-- Minha
querida, você deveria ter sido menos radical nas posições que tomou na
discussão de ontem com seu irmão. Você tem que entender que, apesar de
estar certíssima, deve dar um desconto a ele. Ele é o que é, fruto da
nossa sociedade, e a nossa sociedade é mesmo machista. Você tem todo o
meu apoio. Concordo completamente com tudo o que você disse ontem. Mas,
peço, pegue mais leve com ele. Afinal, ele é seu irmão, sangue do seu
sangue, ainda que, depois da briga, tenha me dito que você não passa de
uma feminista radical e burra.(E aqui ela ri, um risinho sarcástico)...
Mas... fazer o que, né? Não o queira mal por isso, ele é seu irmão...
Então era assim que a Bruxa do Mal sempre parecia ser a Bruxa do Bem,
quando, em verdade, estava acirrando os conflitos entre os irmãos e
sempre posando de boazinha e compreensiva.
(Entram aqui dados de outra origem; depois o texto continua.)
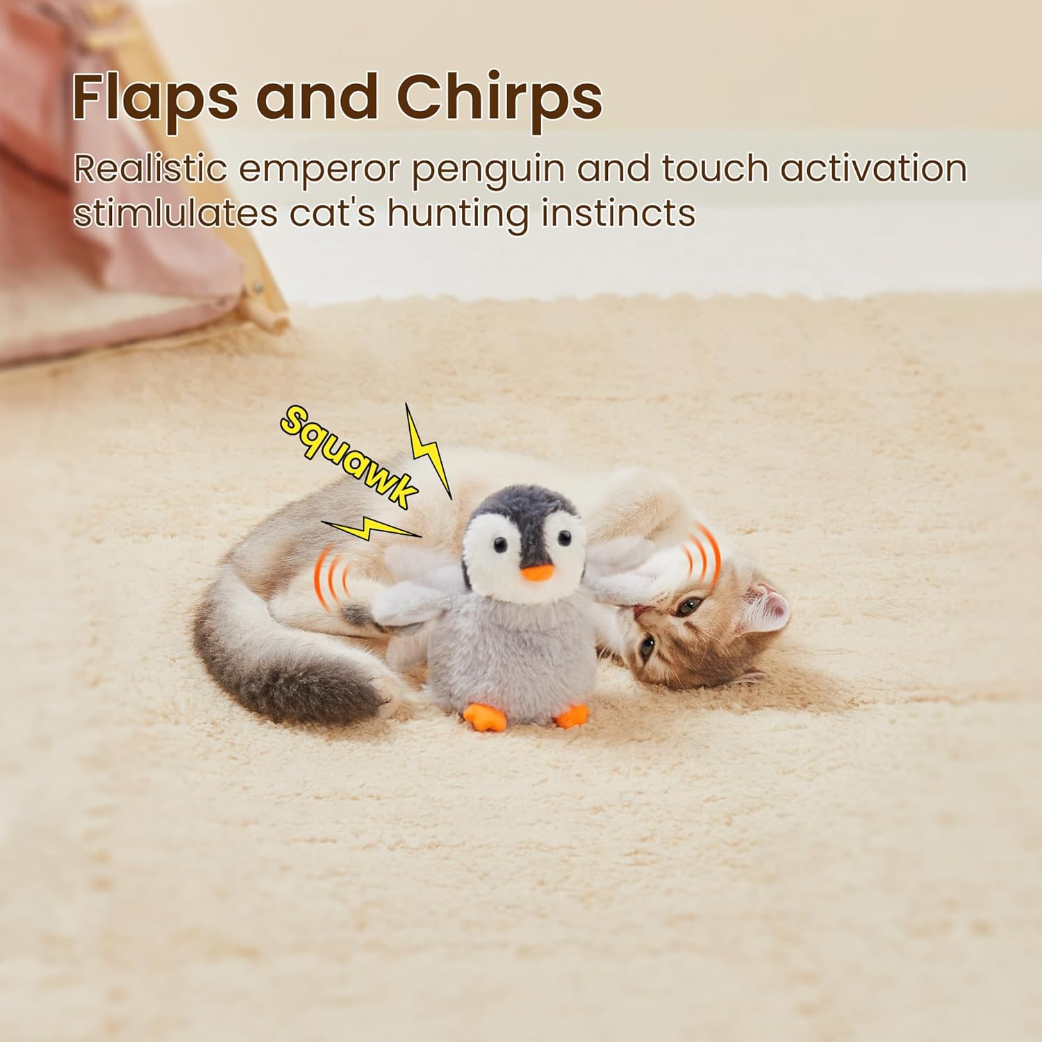 - Realistic Emperor Penguin Simulation: The beating wings cat toy looks like a real emperor penguin, an eye-catcher for cats, keeping your kitty on her paws and engaged in real time, alleviating boredom and loneliness and promoting cat's exercise when you are away from home
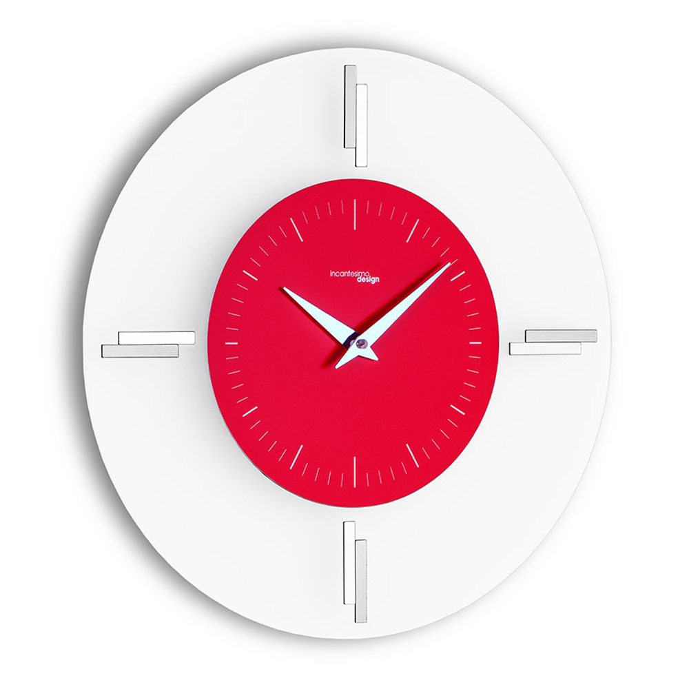 Ronde wandklok van methacrylaat en aluminium, gemaakt in Italië.

Um dia, o marido de uma de suas primas, se suicidou. Ele andava bebendo
muito, depois que perdera, num acidente de carro, seu único herdeiro
homem. Vestiu-se todo chique, deitou-se no divã que havia na Biblioteca
da casa e deu um tiro na cabeça.
A Bruxa Má, depois do enterro, foi consolar a prima:
-- Minha querida, sou totalmente solidária à sua dor. Perder o marido,
ainda jovem como você, com três filhas para acabar de criar, não é uma
situação cômoda. Conte comigo para tudo o que precisar. Você é uma
mulher maravilhosa e vai acabar superando essa tragédia. Mas, querida,
principalmente, não se sinta culpada. Eu sei que você fez de tudo para
que ele superasse a dor da morte do filho de vocês. Não é sua culpa, se
não conseguiu. Por favor, não se sinta culpada.
Uma semana depois a infeliz da prima estava no psiquiatra para se livrar
de uma culpa que ela tanto não tinha quanto jamais pensara ter, até a
conversa da Bruxa Má no velório...
Ela agia assim com todos. Amigos. Família. Marido. Seus próprios irmãos.
Sentia aquele perverso prazer em ver todos se odiando. Ou odiando a si
mesmos.
Mas todos pensavam amá-la, sem perceber que ela os jogava uns contra os
outros, sempre fingindo compreender e apoiar. “É sábia” – diziam dela.
Isso porque tendemos naturalmente a julgar sábio quem nos apoia e
concorda com nossas opiniões. Por apoiados, ficamos cegos ao veneno de
cobra que vem junto.
E assim foi por toda a sua vida. Todos a julgando sábia e tolerante,
respeitando o seu misticismo de almanaque e frases edificantes que ela
vivia citando enquanto acendia seus incensos ou sentava-se, para
meditar, na postura do Buda.
Todos à sua volta, viviam destilando suas raivas e seus ódios, uns dos
outros, porque era ela – sim, a sábia – que jogava, com inequívoca
habilidade, uns contra os outros. E sempre saía como se os estivesse
ajudando e apoiando.
Enganou quase todos, a vida inteira. Uma vida longa: 99 anos.
Ela morreu, ontem, afinal, de velhice. Gente ruim morre mais tarde.
Morreu bem no dia em que seus conterrâneos choravam os mortos do
Atentado do World Trade Center, há 21 anos passados. Morreu antes de ver
a derrota, ou a vitória, do seu candidato do Mal à Presidência do
Brasil. Morreu amargando a ausência de sorrisos a vir buscá-la na hora
da passagem. Morreu cercada por familiares, subitamente consciente da
falta de amor que sempre, afinal, a envolvera.
Sua semente, porém, ainda vive – e pode brotar – nas muitas almas que
ela envenenou. Afinal, os que nascem para o desentendimento são quase
sempre condenados a esperar por uma segunda chance sobre a Terra.